Östergötland Runic Inscription 66 or Ög 66 is the Rundata catalog number for a granite runestone that is 4 meters in height. The stone had been part of the Bjälbo church, and was moved into the churchyard in 1935. The inscription consists of text in the younger futhark carved in a serpent whose head and tail make a knot at the bottom of the stone. Above the serpent is a cross, identifying the memorial as Christian. The inscription is classified as being carved in runestone style Fp, which is the classification for text bands with attached serpent or beast heads depicted as seen from above.

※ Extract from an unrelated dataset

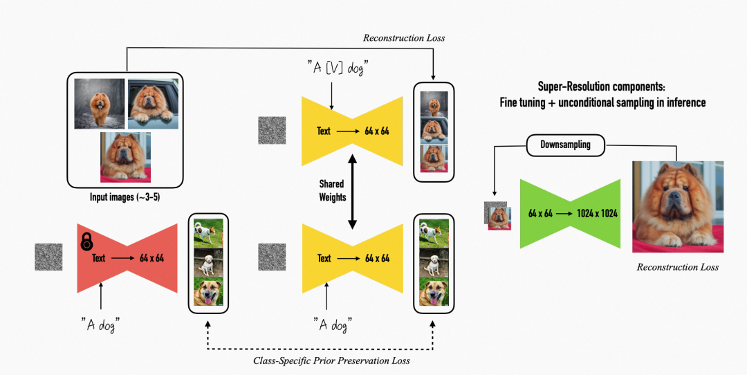 - 使用包含特殊字符和 class 的 prompt(例子:”a [identifier] [class noun]”。其中 identifier 表示稀有字符,模型没有该字符的先验知识,否则该字符容易在模型先验和新注入概念产生混淆;class noun是对 subject 粗力度类的描述,通过将稀有字符和class绑定,模型可以将class的先验和identifier绑定。对低分辨率的text-to-image模型微调,其中在少数数据上对模型微调容易产生“overfitting and language drift”问题,为此提出了class-specific prior preservation loss。使用prompt(A [class noun])在模型fine-tune之前产生的输出结果与当前模型在prompt(a [identifier] [class noun])输出的结果做正则,从而保证 class 类的先验。

The runic text states that the stone was raised by Ingivaldr as a memorial to his brother Styfjaldr, who was the son of Spjallboði. Because one rule followed in craving runes in stone was that two consecutive identical letters were represented by a single rune, even when the two identical letters are at the end of one word and the start of a second word, and word divider punctuation marks were not always used consistently, Rundata recognizes two possible transliterations of the runic text as being valid. The first, designated as "P" below, recognizes possible double letters and spaces and transcribes the runes from the end of the text as : i it : in ik : anti, meaning i ætt, en ek ændi ("and I ended (it)"). The other recognized version, which is designated as "Q," is based upon a review published in 2007 that transliterates the runes as : it : inik : ant, meaning hæit inni'k ænt ("I proclaim the promise fulfilled").